### EXERCISE PROMPT
This task asks for the lines from the one with "I’ve closed my" to the final line below, repeated exactly, with pictures omitted.

### DATA

────────

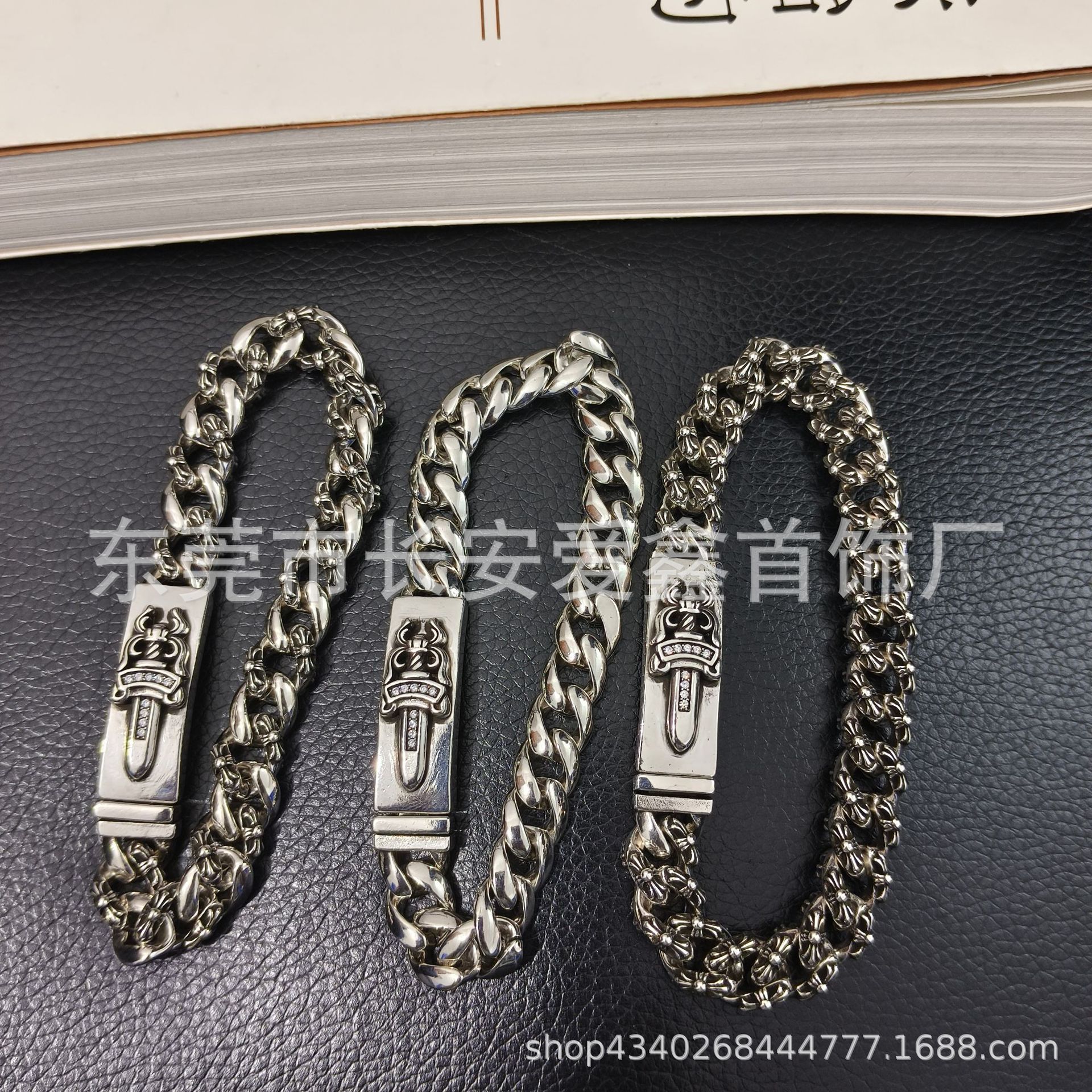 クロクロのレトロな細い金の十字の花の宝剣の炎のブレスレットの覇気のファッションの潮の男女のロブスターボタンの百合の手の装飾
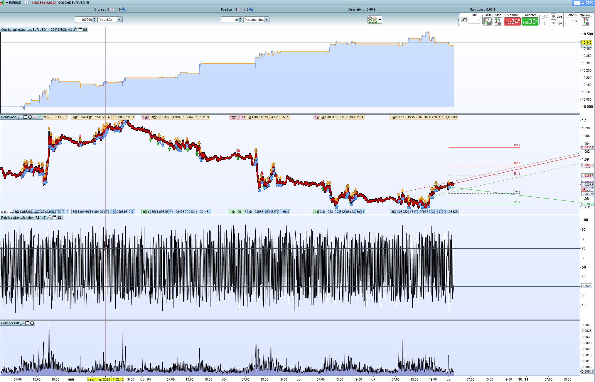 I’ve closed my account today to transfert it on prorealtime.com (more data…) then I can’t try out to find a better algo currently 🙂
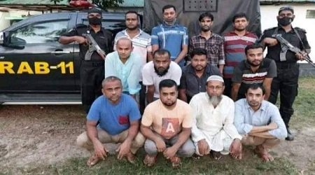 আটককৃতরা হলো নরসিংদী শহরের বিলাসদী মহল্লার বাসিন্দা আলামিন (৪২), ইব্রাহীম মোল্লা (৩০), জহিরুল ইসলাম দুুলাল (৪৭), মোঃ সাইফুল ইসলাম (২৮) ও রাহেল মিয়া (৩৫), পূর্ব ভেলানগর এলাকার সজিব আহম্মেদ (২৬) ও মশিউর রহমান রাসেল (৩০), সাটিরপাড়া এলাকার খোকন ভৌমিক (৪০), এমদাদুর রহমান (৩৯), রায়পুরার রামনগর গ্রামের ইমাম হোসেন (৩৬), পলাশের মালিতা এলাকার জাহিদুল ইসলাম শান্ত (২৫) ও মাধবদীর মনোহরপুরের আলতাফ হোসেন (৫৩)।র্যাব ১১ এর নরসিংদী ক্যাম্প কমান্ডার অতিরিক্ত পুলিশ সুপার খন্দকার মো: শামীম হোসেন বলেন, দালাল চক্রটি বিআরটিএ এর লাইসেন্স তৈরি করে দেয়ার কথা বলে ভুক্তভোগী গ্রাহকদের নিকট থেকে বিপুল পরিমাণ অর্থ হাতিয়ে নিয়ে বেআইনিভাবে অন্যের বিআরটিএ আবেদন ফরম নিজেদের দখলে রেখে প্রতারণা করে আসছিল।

────────

### OUTPUT OF THE EXERCISE
 I’ve closed my account today to transfert it on prorealtime.com (more data…) then I can’t try out to find a better algo currently 🙂
 আটককৃতরা হলো নরসিংদী শহরের বিলাসদী মহল্লার বাসিন্দা আলামিন (৪২), ইব্রাহীম মোল্লা (৩০), জহিরুল ইসলাম দুুলাল (৪৭), মোঃ সাইফুল ইসলাম (২৮) ও রাহেল মিয়া (৩৫), পূর্ব ভেলানগর এলাকার সজিব আহম্মেদ (২৬) ও মশিউর রহমান রাসেল (৩০), সাটিরপাড়া এলাকার খোকন ভৌমিক (৪০), এমদাদুর রহমান (৩৯), রায়পুরার রামনগর গ্রামের ইমাম হোসেন (৩৬), পলাশের মালিতা এলাকার জাহিদুল ইসলাম শান্ত (২৫) ও মাধবদীর মনোহরপুরের আলতাফ হোসেন (৫৩)।র্যাব ১১ এর নরসিংদী ক্যাম্প কমান্ডার অতিরিক্ত পুলিশ সুপার খন্দকার মো: শামীম হোসেন বলেন, দালাল চক্রটি বিআরটিএ এর লাইসেন্স তৈরি করে দেয়ার কথা বলে ভুক্তভোগী গ্রাহকদের নিকট থেকে বিপুল পরিমাণ অর্থ হাতিয়ে নিয়ে বেআইনিভাবে অন্যের বিআরটিএ আবেদন ফরম নিজেদের দখলে রেখে প্রতারণা করে আসছিল।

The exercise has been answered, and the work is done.